I may want to try some ideas here (such as giving choices and be patient). But one thing for sure, parents give in too much to a child's requests. This doesn't solve the problem, it makes it worse. Because children would think that in order to get what they want, the way to go is to show frustration.
2008-01-30 12:06:42 | url

AmyL said:

  You're exactly right, Abel. Giving in - especially to rude or frustrated demands - happens far too much. That's why I'm so enthusiastic about Love and Logic techniques. If you haven't read the one written for early childhood I strongly encourage it. There are many great strategies to try.

The great thing about the choices is that I can divert the frustration and control the situation by giving control away. For example, let's say my child is throwing a tantrum about getting dressed in the morning. Many parents have this battle. Rather than argue about whether he's going to get dressed, I say "Are you going to wear the red shirt or the blue shirt?" See, I'm assuming he's GOING to get dressed. I've offered 2 choices that I can live with. Child gets the dignity and power to choose a shirt color, he calms down and gets dressed, and everyone is happy.
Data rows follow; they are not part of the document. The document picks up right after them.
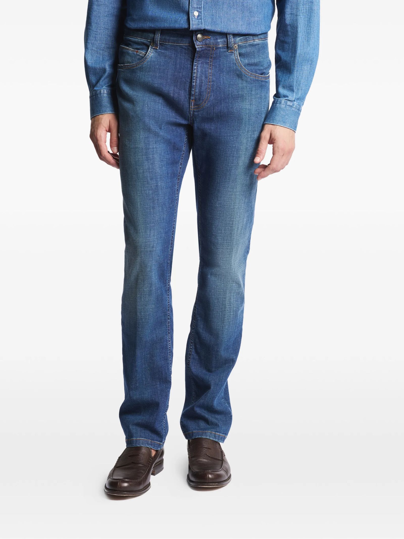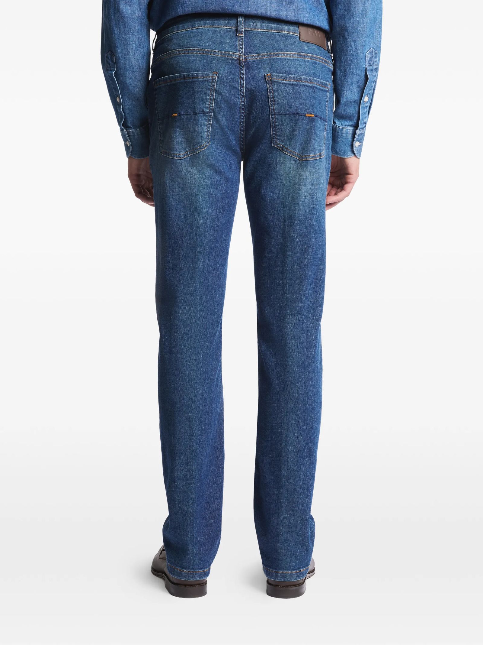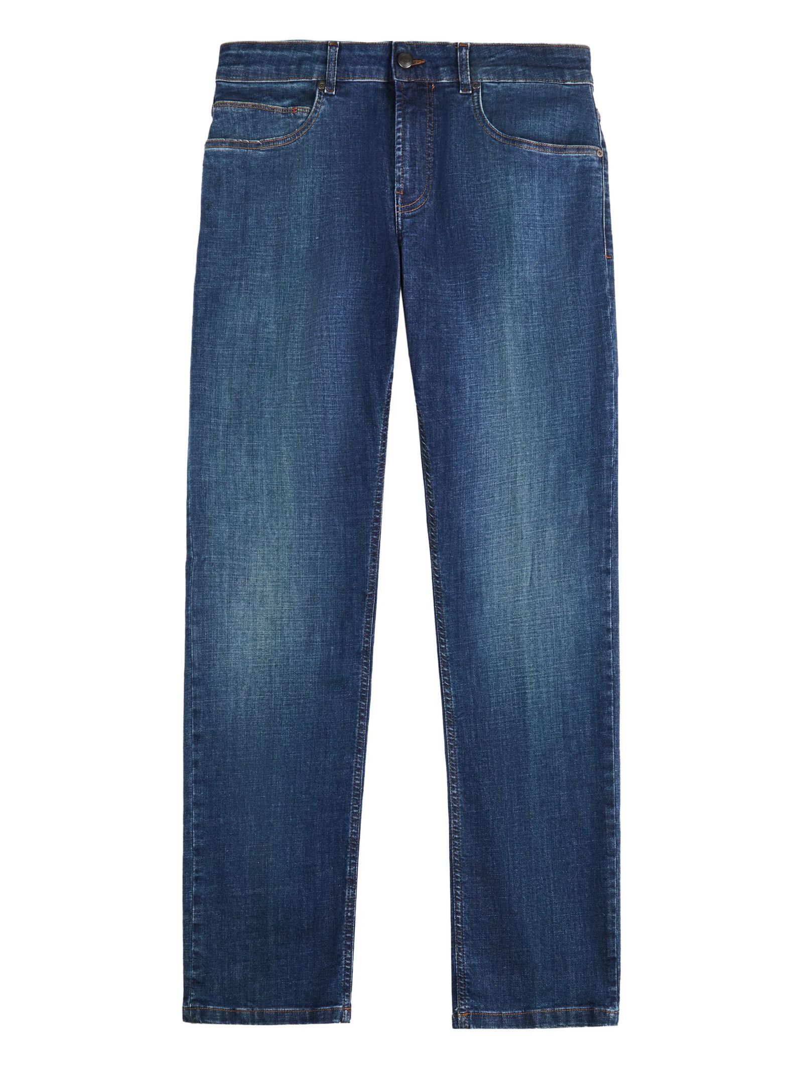Slim-fit 5-pocket jeans in slightly stretch denim, with the leather Fay tag on the back, Characterized by the distinctive front pockets with rivets, coin pocket and patch back pockets, they feature a zip and stud button fastening
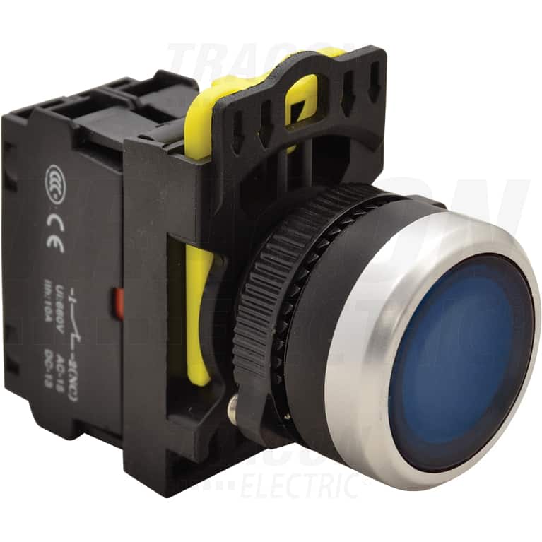 Buton comanda Tracon, cu revenire si lumina ON-OFF, 1ND, albastru, NYK3-LB
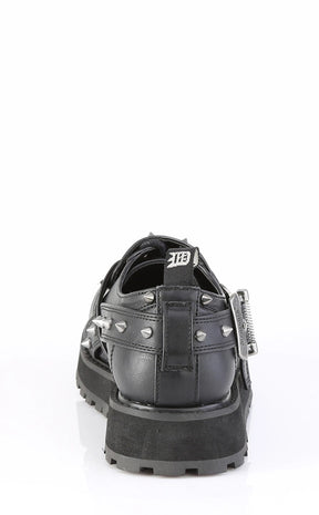 - Cone Studded Back Wrapping Buckle Strap and Cone Studded Front Shield Buckle Strap Across the Vamp

I'll be honest, it takes effort to learn the strategies. I've done best to work on one thing at a time. I'm confident it's made me a better parent though.
2008-02-02 11:59:42 | url

Becky said:

  I also have a two year old. I think I am quite fortunate because he doesn't have that many tantrums! Reading the other posts, there are some great ideas. My favourite is about giving them a choice. The terrible twos is the time where kids are developing their own personalities and will challenge absolutely everything. Giving them choices gives them a sense of individuality and control and, while you are only maybe giving them two choices and both choices will be something that you want, they of course will think that it was their own idea.
I don't like to tell my kids off for things so when I do have to, they know I mean it! My toddler gets told twice to behave, then he gets a tap on the hand. If he's still misbehaving, he gets ignored until he calms down always knowing that he'll get a cuddle when he does. He also gets an explanation of what he's done and why it was wrong.
2008-02-04 17:00:32 | url

Slawebb said:

  I want to comment on what Amyl is saying. We tend to give children too many choices in todays society. So if you are going to give choices do not make them open ended question like,"what do you want for lunch?" Make it a choice between 2 things. Too many things to choose from confuses them and makes it more likely to have tantrums. My oldest dd (5.5) has tantrums. When she doesn't get her way they get worse and will keep going for a long time. Recently, I have been ignoring, but also sending her to her room and having her write lines. it gives her something else to focus on and allows her to get control of herself. I send her to her room because her tantrums thrive on having people around her to annoy. She need to be alone. Here's a good book http://www.amazon.com/Parentin...0785411895
also here is a website I like too. http://www.sharedventures.net/home/ You obviously know your child best. Keep working on it, don't give up you can do it!
2008-03-05 21:16:42 | url

Katmaxx said:

  There is a real trick to the choice thing though:Too many=overwhellemed=fit, too few=powerless=fit, just right=better behavior. I found it very effective to remove the child from the setting in which the fit occured especially if it is at someone elses house or out in public. We just went home.
Pay attention to the behaviors you see that happen just before a fit. Mine tended to get whiny or gripey and pout then lose it. When I started to see that I would try to take action- distract with a story, leave the area, try to talk about the issue.For example they often would do fine at the store but fall apart at the check out, what was happening was they were hungry by that time so I started packing protein snacks for them=no more fits. Go back later when everything is calm and talk about what is the proper way to handle things or how to say what they need to say instead of the fit.